→ **Task prompt**:
Would you transcribe the whole listing exactly, minus its pictures?

→ **Recorded data**:
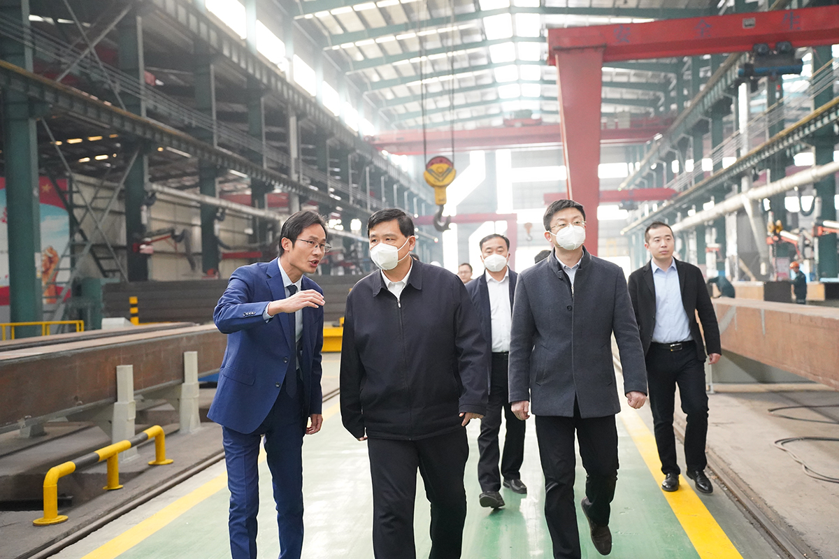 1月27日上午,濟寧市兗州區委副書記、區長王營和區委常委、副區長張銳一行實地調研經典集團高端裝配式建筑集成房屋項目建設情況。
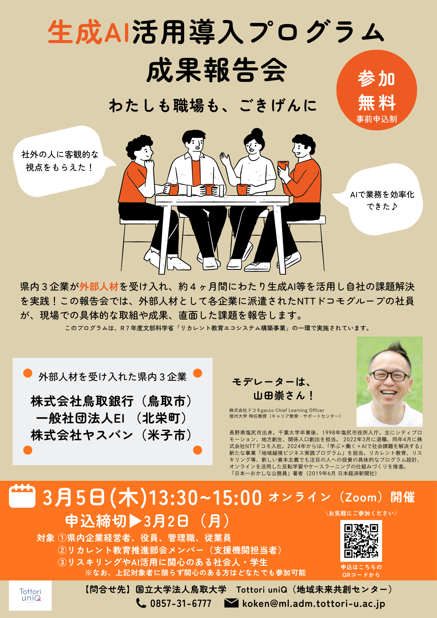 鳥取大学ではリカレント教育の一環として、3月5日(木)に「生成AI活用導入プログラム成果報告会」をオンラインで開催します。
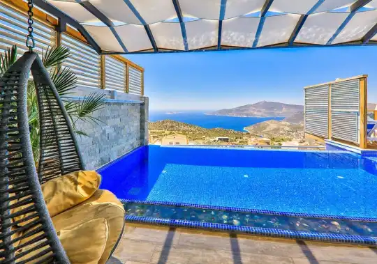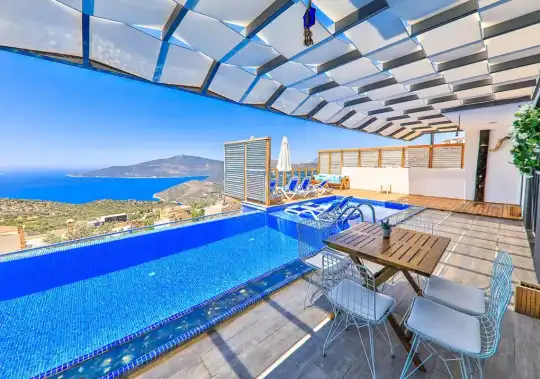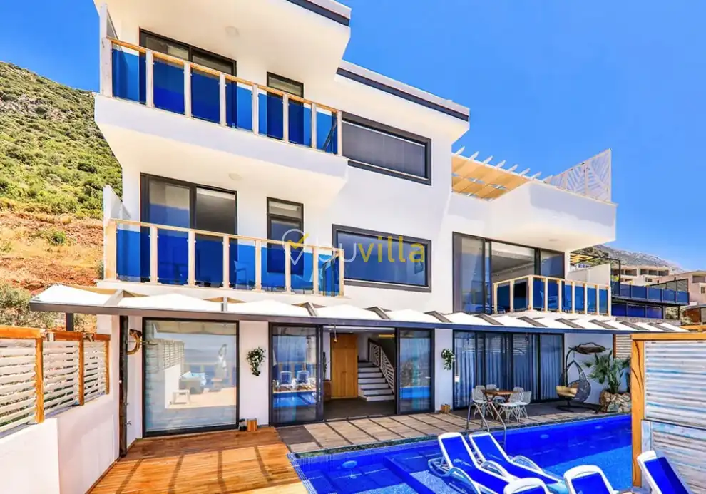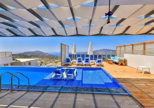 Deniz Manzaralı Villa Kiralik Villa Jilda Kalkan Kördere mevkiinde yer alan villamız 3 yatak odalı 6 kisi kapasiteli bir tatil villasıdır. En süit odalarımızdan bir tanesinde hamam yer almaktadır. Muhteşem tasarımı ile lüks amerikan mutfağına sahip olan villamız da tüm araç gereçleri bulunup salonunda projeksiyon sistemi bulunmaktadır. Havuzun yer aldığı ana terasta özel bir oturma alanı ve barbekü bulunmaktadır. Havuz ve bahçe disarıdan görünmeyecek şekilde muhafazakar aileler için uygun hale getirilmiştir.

→ **Solution to this task**:
 1月27日上午,濟寧市兗州區委副書記、區長王營和區委常委、副區長張銳一行實地調研經典集團高端裝配式建筑集成房屋項目建設情況。
 鳥取大学ではリカレント教育の一環として、3月5日(木)に「生成AI活用導入プログラム成果報告会」をオンラインで開催します。
 Deniz Manzaralı Villa Kiralik Villa Jilda Kalkan Kördere mevkiinde yer alan villamız 3 yatak odalı 6 kisi kapasiteli bir tatil villasıdır. En süit odalarımızdan bir tanesinde hamam yer almaktadır. Muhteşem tasarımı ile lüks amerikan mutfağına sahip olan villamız da tüm araç gereçleri bulunup salonunda projeksiyon sistemi bulunmaktadır. Havuzun yer aldığı ana terasta özel bir oturma alanı ve barbekü bulunmaktadır. Havuz ve bahçe disarıdan görünmeyecek şekilde muhafazakar aileler için uygun hale getirilmiştir.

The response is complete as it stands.